▶ **Problem statement**:
Take the lines below from the one with "Des rennes dansants" through the one with "Cachorro médio, 4" and retype them exactly. Include nothing else, and no pictures.

▶ **Data**:
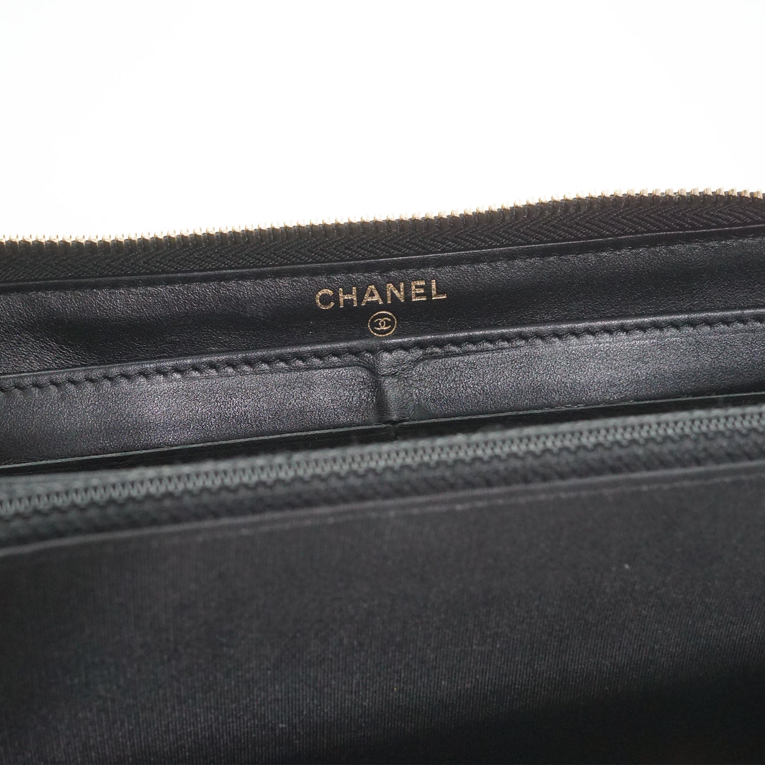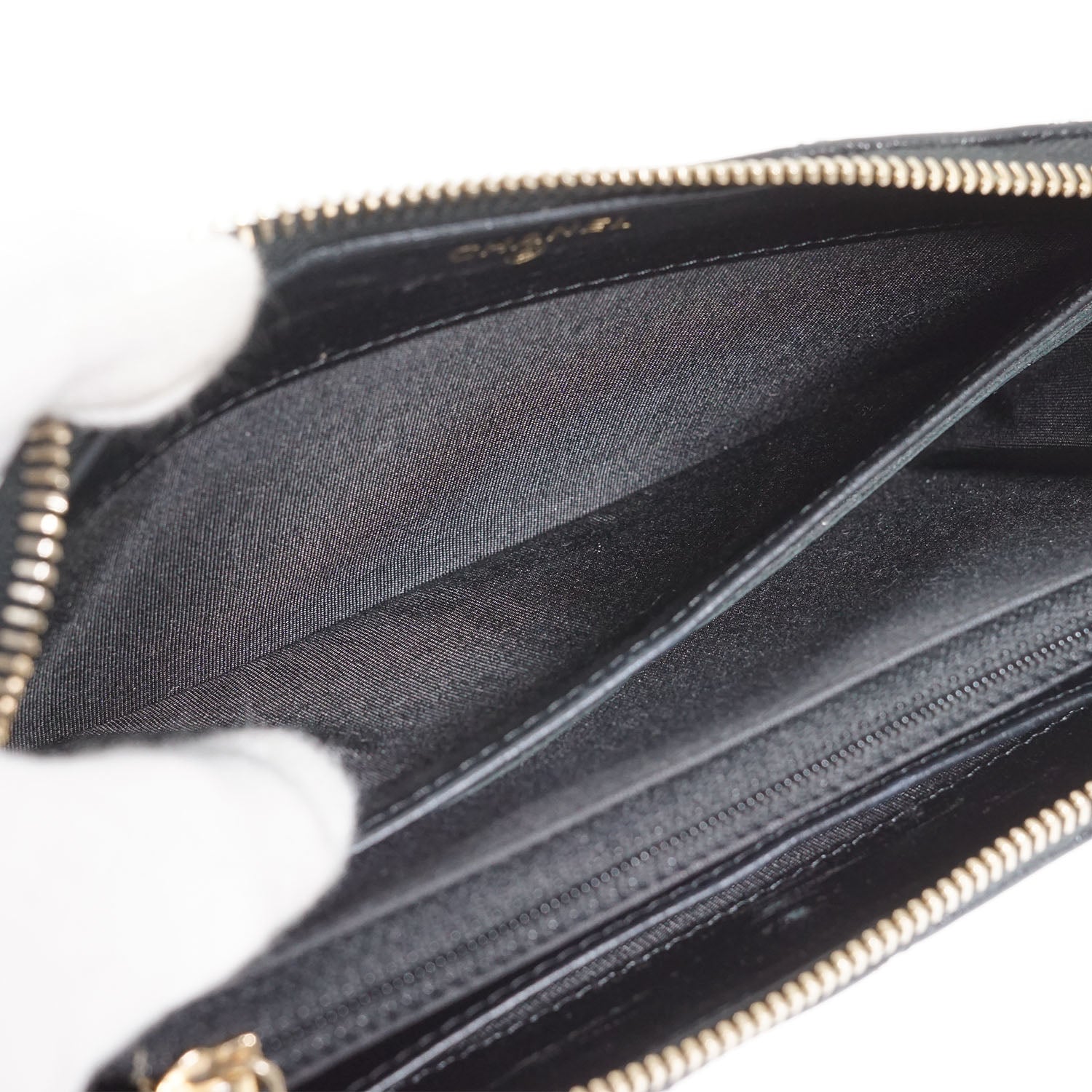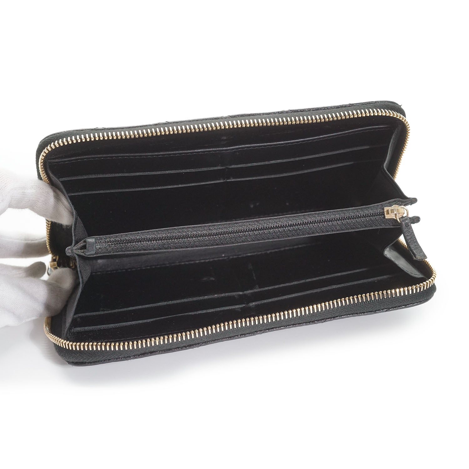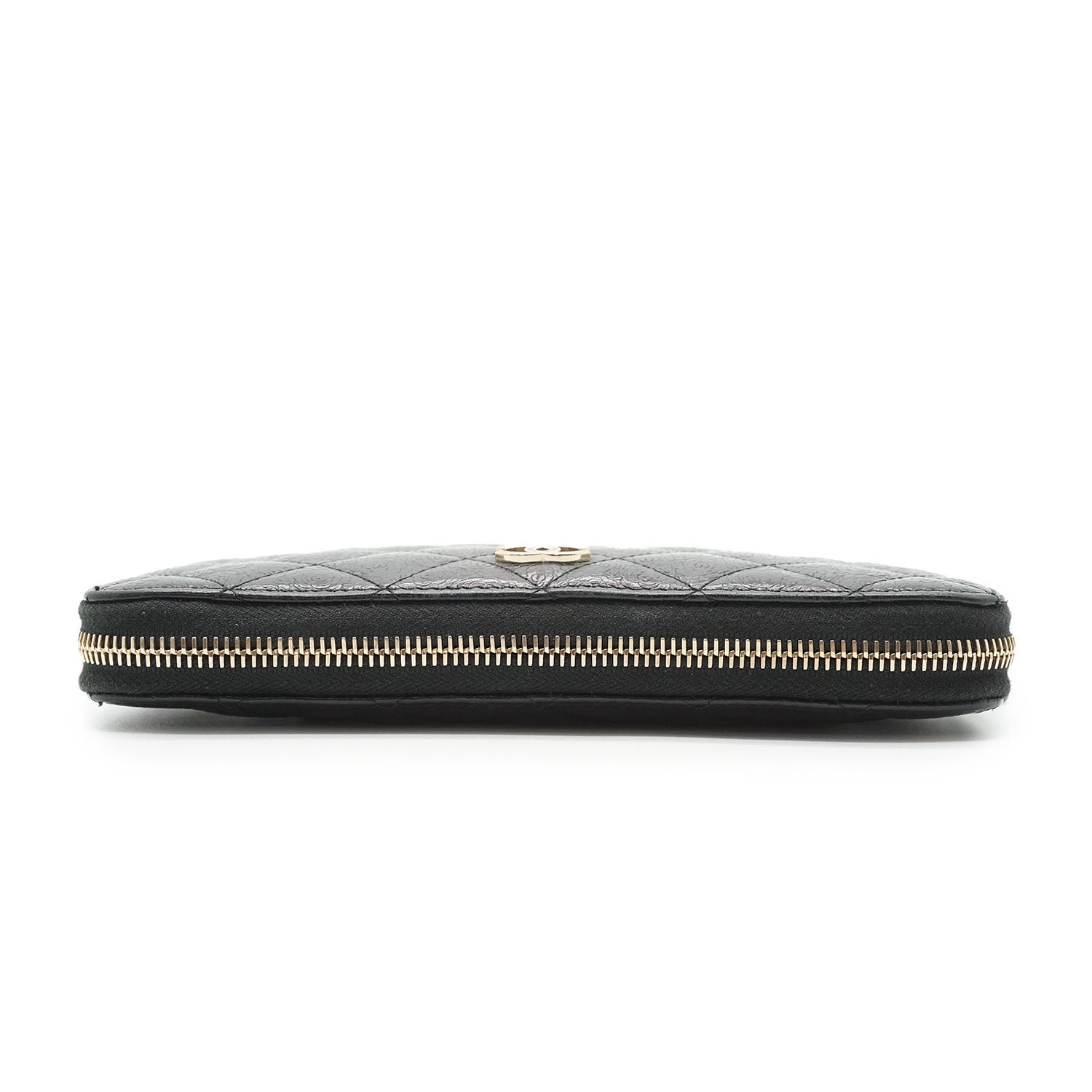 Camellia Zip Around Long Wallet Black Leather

==

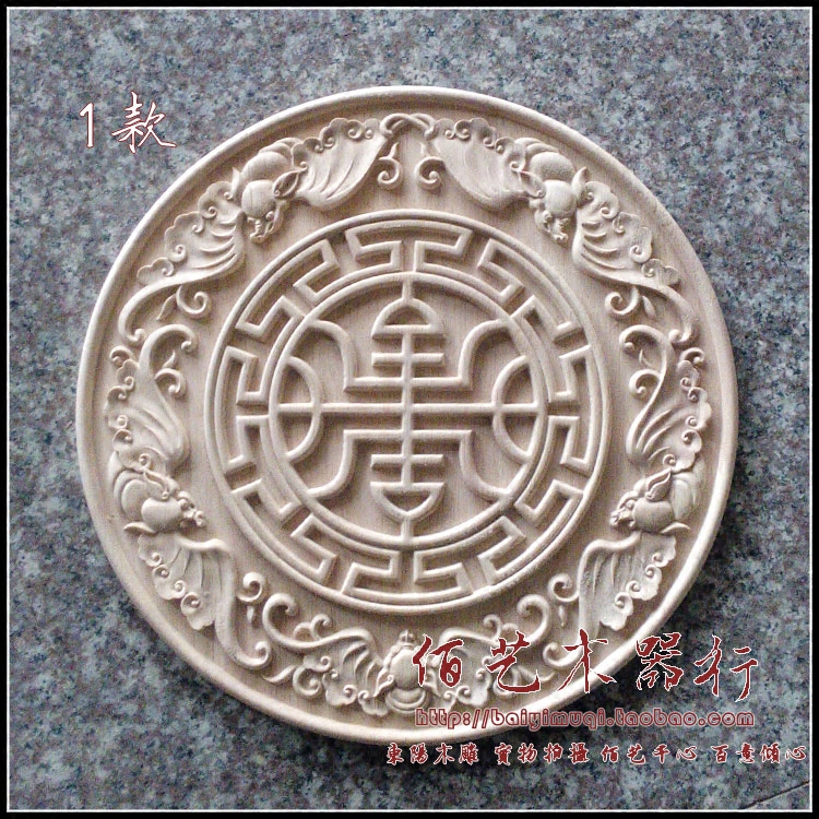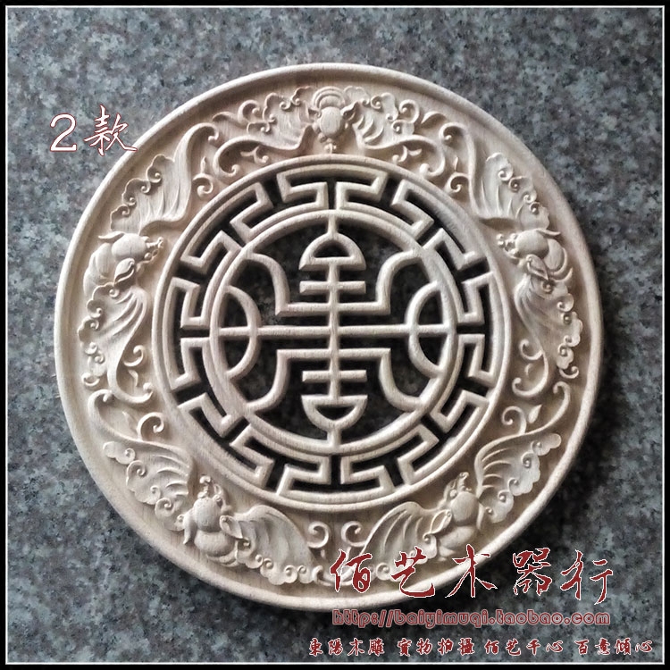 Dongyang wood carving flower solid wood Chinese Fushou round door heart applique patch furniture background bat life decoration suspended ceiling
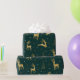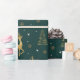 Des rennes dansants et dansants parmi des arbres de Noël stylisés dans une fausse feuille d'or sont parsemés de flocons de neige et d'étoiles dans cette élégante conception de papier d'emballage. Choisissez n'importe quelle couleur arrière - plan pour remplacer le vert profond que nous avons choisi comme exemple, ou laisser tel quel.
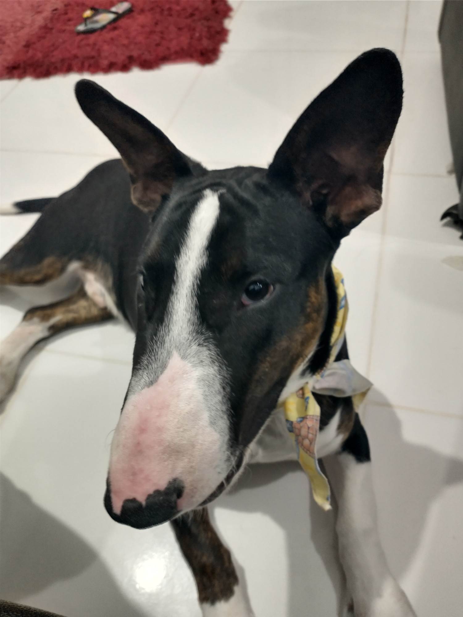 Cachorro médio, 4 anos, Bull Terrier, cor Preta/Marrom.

▶ **Solution to the exercise**:
 Des rennes dansants et dansants parmi des arbres de Noël stylisés dans une fausse feuille d'or sont parsemés de flocons de neige et d'étoiles dans cette élégante conception de papier d'emballage. Choisissez n'importe quelle couleur arrière - plan pour remplacer le vert profond que nous avons choisi comme exemple, ou laisser tel quel.
 Cachorro médio, 4 anos, Bull Terrier, cor Preta/Marrom.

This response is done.